Posted by xbanguyen on February 15, 2010

So I thought I would cross the bridge to write a poem.  It was hard.  The unadorned volumes of e.e cummings, the gilded spines of W. H. Auden’s Collection, the frayed fabric of Rainer Maria Rilke’s works on my bookshelves stood patiently as if to reassure me but failed to impart any help. It was like gazing at the  glass cases in  a Parisian pâtisserie.  I can first admire then devour those delectable concoctions with aclarity and pleasure but can never make them, no matter how many Jacques Pepin’s cookbooks are strewn in my kitchen.  Truly the sensation I get when reading certain poems are physical.  I  remember writing to my English professor to explain that I could appreciate but could not create some years ago.  Alas, it is still true. I know full well that there are no equations that, when properly applied, would produce a poem.   Rhythms and meters are recourses but using them, or not, effectively requires something elusive.  I did try. My logical mind took over as soon as I put down one sentence and insisted that it had to be, well, logical. Unfortunately it was also stilted.  I had wanted to reach back to collect the shivers that ran through me as I read Emily Dickinson’s “A Certain Slant of Light” and saved it in another poem.  However, that desire itself is not born of logic so why apply logic to fulfill it?   For this reader, what makes poetry compelling is the perception of its uncertainty and the elements of surprises as the words turn.  Paradoxically, some poems  also offer the certainty of the beauty evoked by the images they convey. Consider the following lines.

I will arise and go now,
And go to Innisfree,
And a small cabin build there,
Of clay and wattles made;
Nine bean rows will I have there,
A hive for the honey bee,
And live alone in the bee-loud glade

W. B. Yeats

I can always count on the melancholy pleasure evokes by reading that poem even when I am uncertain why it is so.   At the same time, I can always count on the certainty that when a block of VHDL code simulates without errors and passes timing, its synthesized version will function correctly.  But is it truly a certainty?
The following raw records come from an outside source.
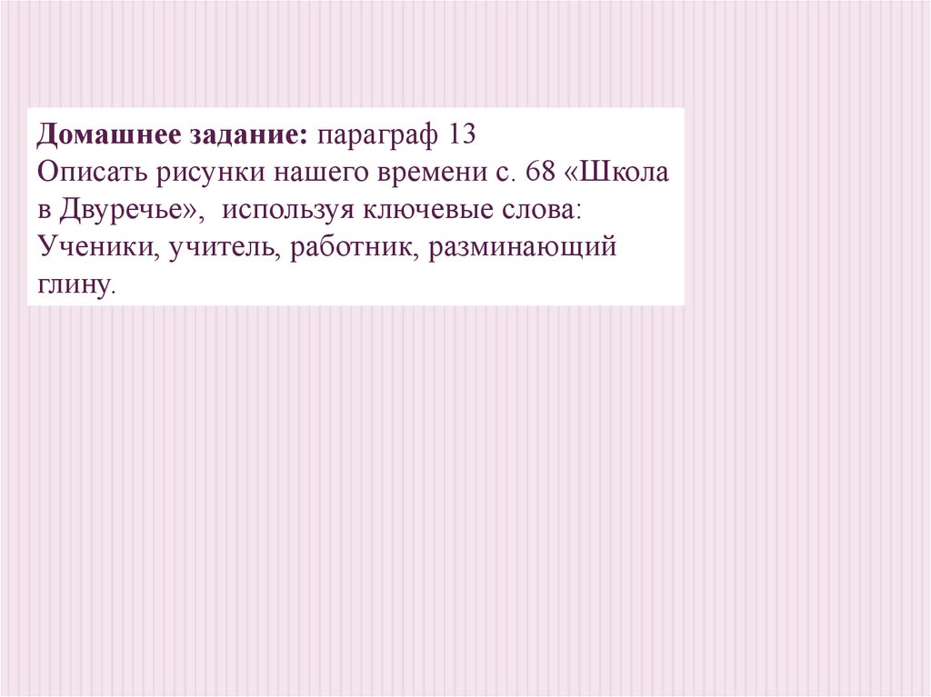 Домашнее задание: параграф 13Описать рисунки нашего времени с. 68 «Школа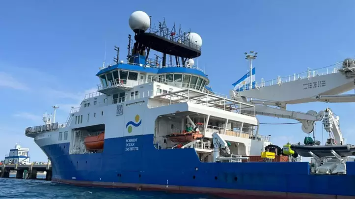 El buque de investigación Falkor Too operado por el Schmidt Ocean Institute que está amarrado en el Piedra Buena, partirá este lunes rumbo a Brasil para continuar con las expediciones.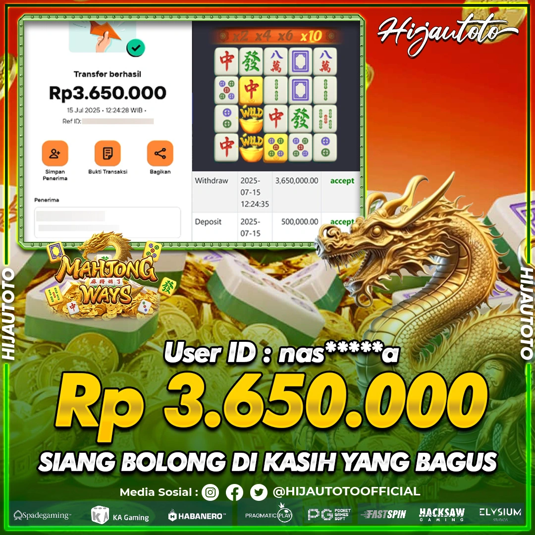 Selamat datang di HIJAUTOTO, tempatnya seru-seruan dan cuan besar! Mulai main cukup dengan modal Rp5.000 aja, taruhan super murah dari Rp100 perak! Mau main slot yang penuh warna? Atau togel dari 20 pasaran paling hits? Atau mungkin tembak ikan yang bikin deg-degan? Tenang, ada juga taruhan bola, sabung ayam, dan live casino yang bikin suasana makin hidup! Daftar sekarang dan dapetin bonus new member 100% langsung, biar modalmu makin tebal. Deposit gampang banget, bisa pakai QRIS, dan kalau butuh bantuan, customer service kita siap 24 jam nonstop. Jadi, tunggu apa lagi? Yuk, gabung dan bawa pulang kemenangannya cuma di HIJAUTOTO!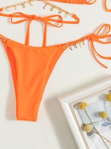 SHEIN Swim SXY Letter Decor Chain Linked Halter Bikini Swimsuit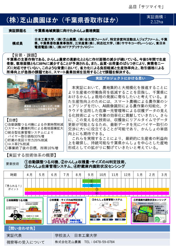 本実証プロジェクトは、かんしょの栽培から収穫、そして貯蔵から出荷までのサプライチェーンとして一連の流れを先端技術を導入した実証を目的としています。本学からは、電気電子通信工学科 プロジェクト代表の平栗健史教授とプロジェクト取りまとめの清水博幸准教授が説明員として参加し、そのほかプロジェクトメンバのNTT東日本 千葉支店、NTTアグリテクノロジーの方にも対応いただいています。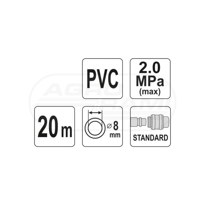 Wąż pneumatyczny zbrojony PVC z szybkozłączami YATO 8mm x 20m

Perhaps not always. In fact, uncertainty is not only abound in poetry, but also in science and engineering.  The Heisenberg uncertainty principle states that at any point in time,  pairs of properties of a particle can not be known exactly – for example, the more precise its momentum is known, the more uncertain its position is.  In other words, “When you say that the electron acts as a wave, then the wave is the quantum mechanical wavefunction and it is therefore related to the probability of finding the electron at any point in space. A perfect sine wave for the electron wave spreads that probability throughout all of space, and the “position” of the electron is completely uncertain.”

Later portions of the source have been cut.